Do not fall into this trap. Using your metrics to understand how you're doing is nice, but it's missing the point. The real power in measurement comes from using the numbers and ratios to significantly improve your performance . To do that, you need to get beyond the "nice-to-know" factor and ask some powerful diagnostic questions:

Is this level of performance good or bad?

Simply knowing that you have a cart-to-visit ratio of 6% is only meaningful if you also realize that typical ratios in the industry are much, much higher and you have a significant room for improvement. Similarly, knowing that you have a checkout-abandonment ratio of 70% is only useful for improving your performance if you also realize that typical ratios are much lower. After all, a number is just a number until it's put into some relative, contextual framework.

Why is this metric at this level of performance?

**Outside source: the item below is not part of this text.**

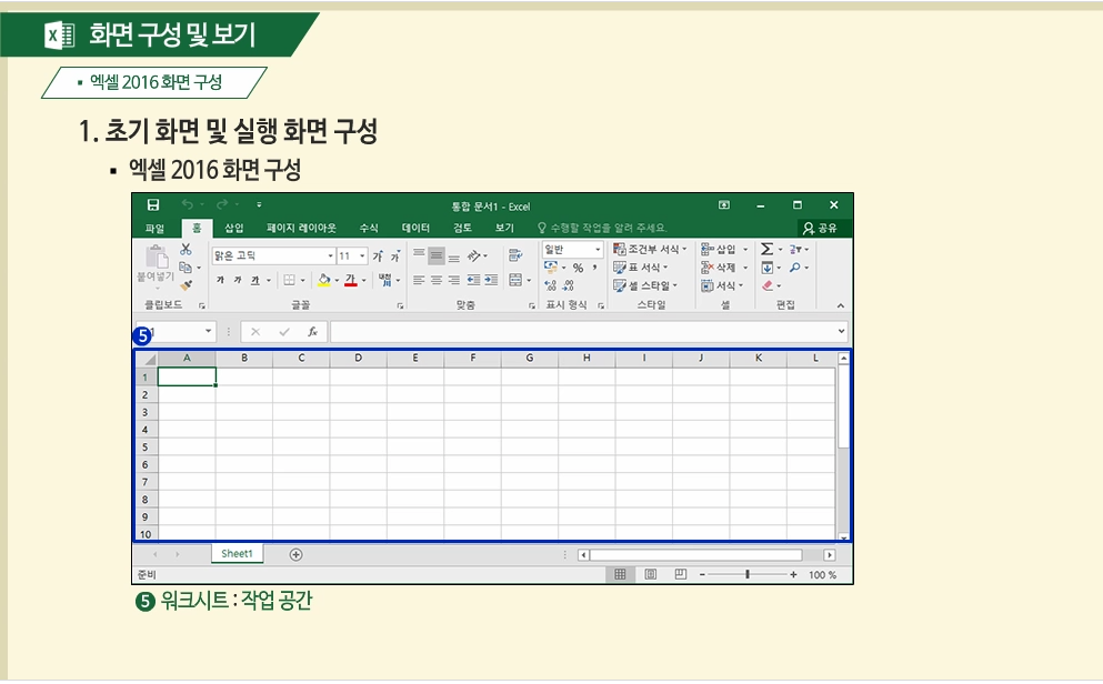 이렇게 엑셀의 기본 구성부터

Whether your metrics are high or low, relatively speaking, your next question should be "why?" An overall orders-to-visits conversion rate that is really low might be a symptom of a really uncompetitive offer, a shotgun approach to lead-generation, a poorly-constructed web site, or a combination of these factors. Along the same lines, a really high checkout-abandonment ratio could have a symptom of high shipping rates, lack of shipping options, slow secure-server response times, lack of payment options, etc. Like a good doctor, you must get to the underlying causes before you can prescribe effective solutions.

What is causing this metric to change over time?

When you see a metric changing significantly over time, it's almost always profitable to try and understand why. In certain markets, a significant increase in your orders-to-visits conversion ratio could be caused by a change in competitive pricing conditions and may indicate that you're leaving big money on the table with pricing that is too low. Similarly, a big decline in cart-to-visit ratios may be caused by an influx of unqualified traffic – which may or may not be a problem, depending on whether the source is a paid source.

How can I profitably impact this metric in a sustainable way?

Once you understand the root-causes behind the metrics and the various elements that can have an effect on the numbers themselves, you have the keys to identifying profitable, systemic improvements. Let's say, for example, that you've identified six possible root-causes behind your reliably high checkout-abandonment rates. You can now tackle each one, starting with the easiest and least costly.

Extreme measure-ability is one of the many virtues of e-commerce business. But if you are not prepared to really use the metrics and measures to diagnoseose problems and identify opportunities for profit improvement, you might be measuring the right things but for all the wrong reasons.